A recently developed pneumonia caused by SARS-CoV-2 has quickly spread across the world. Unfortunately, a simplified risk score that could easily be used in primary care or general practice settings has not been developed. The objective of this study is to identify a simplified risk score that could easily be used to quickly triage severe COVID-19 patients. All severe and critical adult patients with laboratory-confirmed COVID-19 on the West campus of Union Hospital, Wuhan, China, from 28 January 2020 to 29 February 2020 were included in this study. Clinical data and laboratory results were obtained. CURB-65 pneumonia score was calculated. Univariate logistic regressions were applied to explore risk factors associated with in-hospital death. We used the receiver operating characteristic curve and multivariate COX-PH model to analyse risk factors for in-hospital death. A total of 74 patients (31 died, 43 survived) were finally included in the study. We observed that compared with survivors, non-survivors were older and illustrated higher respiratory rate, neutrophil-to-lymphocyte ratio, D-dimer and lactate dehydrogenase (LDH), but lower SpO2 as well as impaired liver function, especially synthesis function. CURB-65 showed good performance for predicting in-hospital death (area under curve 0.81, 95% confidence interval (CI) 0.71–0.91). CURB-65 ⩾ 2 may serve as a cut-off value for prediction of in-hospital death in severe patients with COVID-19 (sensitivity 68%, specificity 81%, F1 score 0.7). CURB-65 (hazard ratio (HR) 1.61; 95% CI 1.05–2.46), LDH (HR 1.003; 95% CI 1.001–1.004) and albumin (HR 0.9; 95% CI 0.81–1) were risk factors for in-hospital death in severe patients with COVID-19. Our study indicates CURB-65 may serve as a useful prognostic marker in COVID-19 patients, which could be used to quickly triage severe patients in primary care or general practice settings.


Type
Original Paper
Creative Commons
This is an Open Access article, distributed under the terms of the Creative Commons Attribution-NonCommercial-ShareAlike licence (http://creativecommons.org/licenses/by-nc-sa/4.0/), which permits non-commercial re-use, distribution, and reproduction in any medium, provided the same Creative Commons licence is included and the original work is properly cited. The written permission of Cambridge University Press must be obtained for commercial re-use.
Copyright
Copyright © The Author(s), 2020. Published by Cambridge University Press

Introduction

In December 2019, an acute respiratory disease caused by severe acute respiratory syndrome coronavirus SARS-CoV-2 [Reference Phelan, Katz and Gostin1], and officially named as Corona Virus Disease 2019 (COVID-19) occurred in Wuhan, which quickly caused a pandemic in the world [Reference Ahmad, Mueller and Tsamakis2]. By 23 April 2020, more than 2 million confirmed cases and 180 000 dead cases have been documented worldwide. Unfortunately, a simplified prognostic risk score, which could be easily used in primary care or general practice settings, has not been developed for this unprecedented disease [Reference Pan3].

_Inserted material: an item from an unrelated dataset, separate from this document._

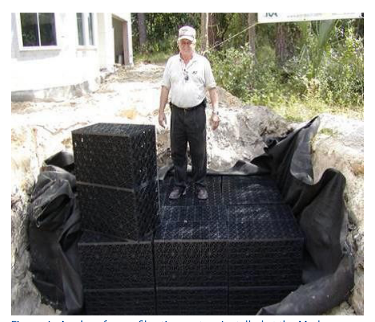
Figure 4. A subsurface exfiltration system installed at the Madera subdivision in Gainesville, FL.

• Cluster Design: A site planning technique also known as "conservation design," which uses smaller lot sizes that are "clustered" to achieve a smaller impact area. Sometimes this practice is considered a separate element from LID tools or is included in the low impact site preparation category. The smaller footprint of a cluster design reduces impervious surfaces, protects natural drainage paths and high infiltration soils, and maintains open space/natural areas (USEPA 2007, Williams and Wise 2009).

In the assessment and management of pneumonia, disease severity assessment is crucial in guiding therapeutic options such as the need for hospital admission or intensive care (ICU) stay. Due to the high burden of COVID-19, we need a simple one to quickly triage severe patients. The pneumonia severity index (PSI) provides a means for stratifying groups of patients according to their risk of mortality and features [Reference Fine4]. Although it is complicated to use, requiring the computation of a score based on 20 variables, and hence may not be practical for routine application in busy hospital emergency departments or primary care settings. In addition, it is best validated for assessing patients with a low mortality risk who may be suitable for home management rather than those with severe pneumonia at the time of hospital admission [Reference Fine4].

It has been reported that a higher sequential organ failure assessment (SOFA) score was associated with increased odds of death in hospitalised COVID-19 patients [Reference Zhou5]. First developed in 1994, the SOFA score has been proved useful in predicting outcomes for patients in ICU. SOFA score measures organ dysfunction in six different systems (needs arterial blood gas result), using a 5-point scale, which also makes it difficult to use to triage patients.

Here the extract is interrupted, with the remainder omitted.